On the practical side, we coordinate inter alia the development of fine-grained unified language resources and tools.
Impact
UniDive is in its second year of duration, so its impact is not yet easy to measure. Expected mid- and long-term impact includes:
- Better understanding of language universals and providing a unified practical framework that allows implementing and testing theoretical advances in this field
- Establishment of de facto standards and best practices for the development, maintenance, reproducibility, and evaluation of language resources and computational models derived from them
- Creation of national or regional projects and spin-off initiatives coordinated by Action's participants to pursue more specific goals (e.g. the development of a corpus or tools for a particular language)
- Long-lasting collaboration among multilingual and interdisciplinary experts from many countries
- Driving mentalities and practices of the scientific NLP community toward a better account of language diversity
Seminars: Impact of digital technology
In this series of seminars for academics and the general public, we raise awareness of the impact of digital technology on the environment.
- SCAI, Sorbonne Université - December 3rd, 2021. Anne-Laure Ligozat. Whatever the cost? Calculating the environmental impact of scientific calculus.
- Centre Borelli, ENS Paris-Saclay - March 16th, 2022. Anne-Laure Ligozat and Gauthier Roussilhe. Environmental crisis and digitalization, the case of AI.

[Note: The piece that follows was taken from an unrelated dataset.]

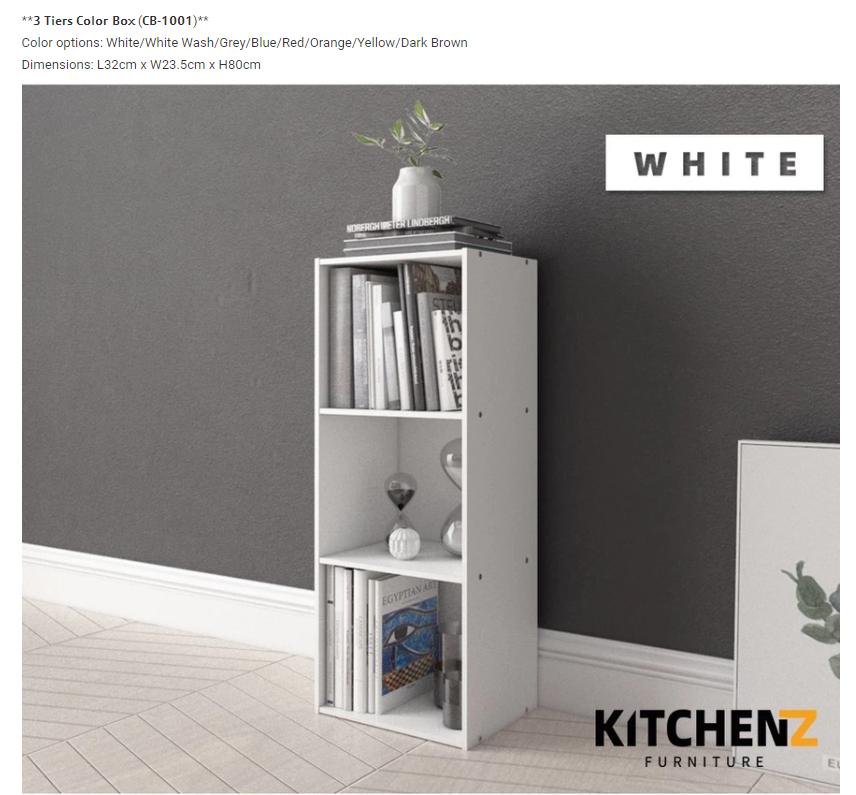 KitchenZ 9mm Thick 3 Tier Storage Rack Book Rack Bookcase Cabinet L32cm x W23.5cm x H80cm Multi Purpose Cabinet

- Journées LCG-France - June 2022. Anne-Laure Ligozat. Invited talk. Impact environnemental des infrastructures et des services de calcul
- La Gaîté Lyrique - June 9th, 2022. Gauthier Roussilhe, Benjamin Sonntag, and Anne-Laure Ligozat. Invited talk. NØ LAB : Mode économie d'énergie. Rencontre autour de l'empreinte énergétique du numérique.

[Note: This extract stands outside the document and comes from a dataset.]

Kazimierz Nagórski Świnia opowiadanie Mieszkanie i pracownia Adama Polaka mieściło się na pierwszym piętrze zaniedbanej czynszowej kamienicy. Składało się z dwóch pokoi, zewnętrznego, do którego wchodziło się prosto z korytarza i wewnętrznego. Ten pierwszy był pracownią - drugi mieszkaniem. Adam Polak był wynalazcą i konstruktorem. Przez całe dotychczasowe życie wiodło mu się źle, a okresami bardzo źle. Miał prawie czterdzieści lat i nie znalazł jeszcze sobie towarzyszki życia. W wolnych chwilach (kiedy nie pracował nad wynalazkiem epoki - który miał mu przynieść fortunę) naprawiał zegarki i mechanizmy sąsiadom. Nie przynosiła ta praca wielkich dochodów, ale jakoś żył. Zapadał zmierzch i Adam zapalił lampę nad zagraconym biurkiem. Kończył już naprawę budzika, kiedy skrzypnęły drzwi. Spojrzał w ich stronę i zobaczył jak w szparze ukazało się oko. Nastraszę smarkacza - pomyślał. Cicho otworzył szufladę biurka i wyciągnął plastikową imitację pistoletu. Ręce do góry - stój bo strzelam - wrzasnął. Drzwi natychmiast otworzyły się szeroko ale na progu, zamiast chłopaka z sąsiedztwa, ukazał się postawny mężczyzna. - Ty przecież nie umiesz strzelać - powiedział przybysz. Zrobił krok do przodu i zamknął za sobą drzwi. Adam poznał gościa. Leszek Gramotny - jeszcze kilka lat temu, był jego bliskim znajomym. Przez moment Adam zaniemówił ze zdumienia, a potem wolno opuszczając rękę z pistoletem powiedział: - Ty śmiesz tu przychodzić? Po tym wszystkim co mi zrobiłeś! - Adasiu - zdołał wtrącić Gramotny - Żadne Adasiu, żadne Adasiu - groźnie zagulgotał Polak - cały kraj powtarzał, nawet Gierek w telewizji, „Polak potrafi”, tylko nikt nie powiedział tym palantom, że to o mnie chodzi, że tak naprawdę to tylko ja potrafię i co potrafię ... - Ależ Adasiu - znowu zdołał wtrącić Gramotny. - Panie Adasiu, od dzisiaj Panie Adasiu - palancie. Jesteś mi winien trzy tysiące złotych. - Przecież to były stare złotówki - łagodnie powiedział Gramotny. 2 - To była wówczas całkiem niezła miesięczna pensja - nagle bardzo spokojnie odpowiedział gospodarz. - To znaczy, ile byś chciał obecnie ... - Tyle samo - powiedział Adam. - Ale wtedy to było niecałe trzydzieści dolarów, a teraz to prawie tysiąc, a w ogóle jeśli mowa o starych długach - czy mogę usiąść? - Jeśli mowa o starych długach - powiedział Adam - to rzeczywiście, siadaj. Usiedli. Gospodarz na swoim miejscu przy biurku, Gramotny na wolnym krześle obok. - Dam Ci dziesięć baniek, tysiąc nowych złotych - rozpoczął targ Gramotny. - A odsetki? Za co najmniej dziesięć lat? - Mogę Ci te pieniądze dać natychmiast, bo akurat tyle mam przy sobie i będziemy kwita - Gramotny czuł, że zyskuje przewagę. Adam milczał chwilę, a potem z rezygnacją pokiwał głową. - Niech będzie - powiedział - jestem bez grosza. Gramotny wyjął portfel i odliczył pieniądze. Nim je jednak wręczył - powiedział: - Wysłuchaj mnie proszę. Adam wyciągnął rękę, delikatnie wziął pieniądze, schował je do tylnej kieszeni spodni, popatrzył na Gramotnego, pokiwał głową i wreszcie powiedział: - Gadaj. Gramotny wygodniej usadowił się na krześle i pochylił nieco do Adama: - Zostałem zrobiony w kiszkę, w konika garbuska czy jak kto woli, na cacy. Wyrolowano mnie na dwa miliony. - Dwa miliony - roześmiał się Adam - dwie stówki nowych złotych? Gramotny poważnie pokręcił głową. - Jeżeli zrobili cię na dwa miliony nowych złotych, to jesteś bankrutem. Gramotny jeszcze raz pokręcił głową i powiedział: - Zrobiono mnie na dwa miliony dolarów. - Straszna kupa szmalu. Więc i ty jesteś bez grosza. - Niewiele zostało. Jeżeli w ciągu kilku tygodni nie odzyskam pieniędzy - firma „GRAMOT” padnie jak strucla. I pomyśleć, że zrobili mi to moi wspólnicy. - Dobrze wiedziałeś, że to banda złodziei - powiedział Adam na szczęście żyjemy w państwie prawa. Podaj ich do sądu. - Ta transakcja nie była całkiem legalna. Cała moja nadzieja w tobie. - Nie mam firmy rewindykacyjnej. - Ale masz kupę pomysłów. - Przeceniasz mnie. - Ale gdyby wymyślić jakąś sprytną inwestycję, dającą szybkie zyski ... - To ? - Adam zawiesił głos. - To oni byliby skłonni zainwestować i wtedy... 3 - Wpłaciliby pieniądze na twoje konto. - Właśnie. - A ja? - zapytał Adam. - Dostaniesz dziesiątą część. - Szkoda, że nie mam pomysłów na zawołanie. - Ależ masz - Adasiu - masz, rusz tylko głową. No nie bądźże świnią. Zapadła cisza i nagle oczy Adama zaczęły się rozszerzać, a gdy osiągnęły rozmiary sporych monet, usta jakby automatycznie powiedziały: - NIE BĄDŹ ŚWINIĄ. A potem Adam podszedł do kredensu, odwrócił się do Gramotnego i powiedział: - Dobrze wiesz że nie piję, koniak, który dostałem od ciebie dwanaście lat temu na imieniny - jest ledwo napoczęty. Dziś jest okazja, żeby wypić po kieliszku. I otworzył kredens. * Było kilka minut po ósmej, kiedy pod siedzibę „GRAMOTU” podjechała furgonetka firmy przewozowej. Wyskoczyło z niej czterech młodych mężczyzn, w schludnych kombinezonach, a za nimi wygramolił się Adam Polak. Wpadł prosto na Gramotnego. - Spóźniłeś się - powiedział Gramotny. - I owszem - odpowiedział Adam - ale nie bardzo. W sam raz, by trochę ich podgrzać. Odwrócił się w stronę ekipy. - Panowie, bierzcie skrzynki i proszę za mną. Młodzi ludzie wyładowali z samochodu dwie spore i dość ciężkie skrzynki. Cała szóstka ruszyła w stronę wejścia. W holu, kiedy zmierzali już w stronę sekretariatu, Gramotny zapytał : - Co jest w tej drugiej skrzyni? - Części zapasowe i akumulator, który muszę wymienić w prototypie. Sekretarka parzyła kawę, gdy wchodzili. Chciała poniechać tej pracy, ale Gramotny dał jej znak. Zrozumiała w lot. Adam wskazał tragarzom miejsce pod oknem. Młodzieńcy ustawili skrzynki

- Inria-DFKI European Summer School on AI - August 2022. Anne-Laure Ligozat. Sustainable AI
- MIAI days - December 6th, 2022. Anne-Laure Ligozat. Panel. L'intelligence artificielle dans le contexte des transitions énergétique et écologiques
- Workshop Data Center Sustainability. Best practices and future scenarios - December 2022. Anne-Laure Ligozat. Invited talk Computing the carbon footprint of a supercomputer
- GreenDays - March 28th, 2023. Anne-Laure Ligozat. Invited talk. Côté obscur de l'IA : quels bénéfices réels de l'IA pour faire face aux crises environnementales ?
- SustaiNLP workshop 2023 - July 13th, 2023. Anne-Laure Ligozat. Invited talk. How to make NLP sustainable?
- Carrefour Pathologie - November 2023. Clément Morand. Invited talk. IA: évaluation des impacts et intégration des préoccupations environnementales aux travaux d’IA en médecine
Context
Since 2017 and the Transformers architecture, NLP work has widely used statistical models produced on large amounts of data, usually general language data. Models have been produced for each language. In addition, to improve the performance of available models, fine-tuning is carried out on data from a specialty domain. The initial creation of models and their adaptation to other languages and specialty domains is costly in terms of time and energy. In this context of increasing digital resources, we gave several seminars analyzing the impact of digital technology.
Contribution
We have carried out several studies on the impact of digital technology on the carbon footprint of NLP work and the use of digital tools. They help to disseminate knowledge on the subject and can lead to research collaborations.
Impact
These seminars provide an opportunity to communicate on the environmental impact of digital technology, and AI in particular. Raising public awareness, training PhD students, and scientific collaborations.